Aussie parking costs big bikkies

Although it has yet to reach sky-high prices like in Hong Kong , London or New York , the advertised price of a single car space in Austral...

Although it has yet to reach sky-high prices like in Hong Kong, London or New York, the advertised price of a single car space in Australia has reached a record high of AUD330,000; the parking space in question is located in the basement of a high-end apartment complex, on a congested corner of Bond and George streets in Sydney’s CBD area.

AUD330,000 for this narrow but long parking space. image: carsguide.com.au
For the same amount, you could buy yourself a comfortable two-bedroom villa with a backyard, garage and air-conditioning somewhere in the suburbs, say, 40 kilometres west of the CBD in Colyton. The highest actual transacted price so far, according to the online car park listing portal findacarpark.com.au, is only AUD250,000, but the portal also experienced the highest number of hits for listings of spots on George Street.

The parking space that is set to break this record was put on the market by owner Terence Chua, who reasoned that it is one of the few spaces in CBD which has a separate title, meaning that the owner can opt to use or rent it out without residing in the building.
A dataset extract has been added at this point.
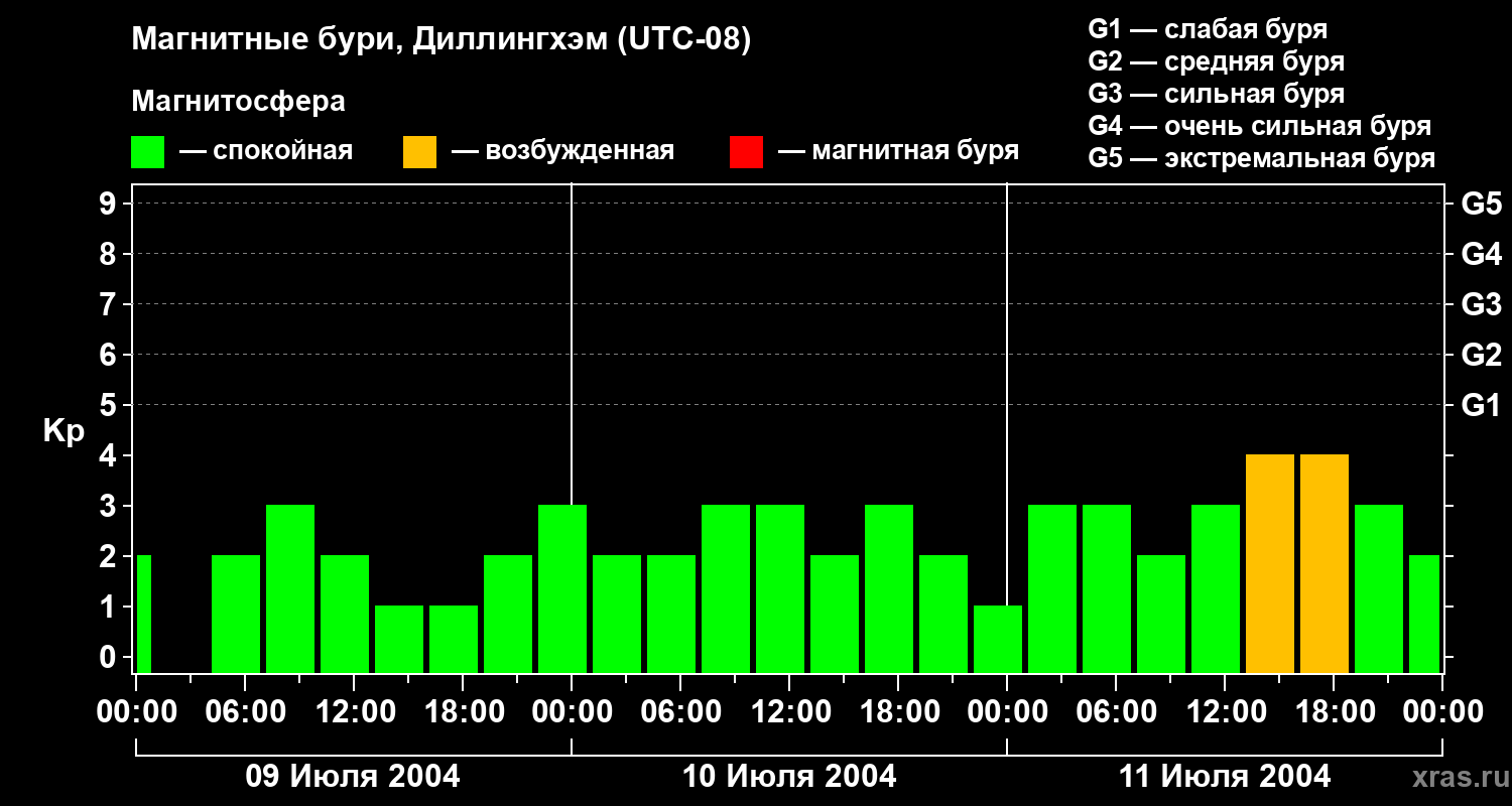 Магнитные бури в Диллингхэме 11 июля 2004 года

Other spaces in the area have sold for between AUD150,000 to 200,000, but this particular one is long and can fit two cars, one in front of the other.
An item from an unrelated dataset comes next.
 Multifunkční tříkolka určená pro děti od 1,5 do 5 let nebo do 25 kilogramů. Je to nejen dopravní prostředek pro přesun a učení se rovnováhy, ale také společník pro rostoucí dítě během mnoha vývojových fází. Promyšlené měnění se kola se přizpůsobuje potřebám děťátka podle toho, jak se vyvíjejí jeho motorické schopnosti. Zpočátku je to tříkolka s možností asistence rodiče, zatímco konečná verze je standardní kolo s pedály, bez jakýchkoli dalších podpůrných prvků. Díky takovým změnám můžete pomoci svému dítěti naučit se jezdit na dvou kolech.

“People who live in the CBD know it's almost impossible to find permanent parking," Chua added.

According to Francis Armstrong, founder of findacarpark, Aussies can expect the average price for Sydney parking to increase because new high-rise developments have restricted parking allocations even as the population increase; it’s not difficult to deduce then that increasing demand and decreasing supply will lead to higher prices.

Parking woes is not just a problem in Sydney. Mayor of Fremantle, Brad Pettitt, has painted a picture of future Perth, using simple mathematics, if the high rate of car ownership continues. There are about 650 cars to every thousand Perthians, and based on population projection and the assumption that each car needs three parking spaces – at home, at work and one other – Pettitt worked out that Perth would need 3.9 million new parking bays, which would cover a total area of 100sqkm, by 2040.

"Not only would this required parking result in a rather unpleasant, sprawled city but it would come at an extraordinary cost," he said, “When you multiply $30,000 per bay by the estimated 3.9 million extra car bays that Perth will require over the next 25 years, it comes to an astonishing $117 billion.” He added that the country needs to shift focus to high-quality public transportation instead of private cars.

But for those who think that cars will still dominate the roads in the future, and that buying parking spaces might actually be sound investment, here’s another transaction that might interest you. A parking garage in Sydney was sold in July 2012 for the exorbitant price of AUD822,500. Many must have wondered what the buyers were thinking, but in a year, they had turned the derelict garage with rusty roller doors, peeling walls and grease-stained floors into a lavish, contemporary two-bedroom home atop a parking space; and they put it back on the market for more than AUD1.2 million. Ka-ching!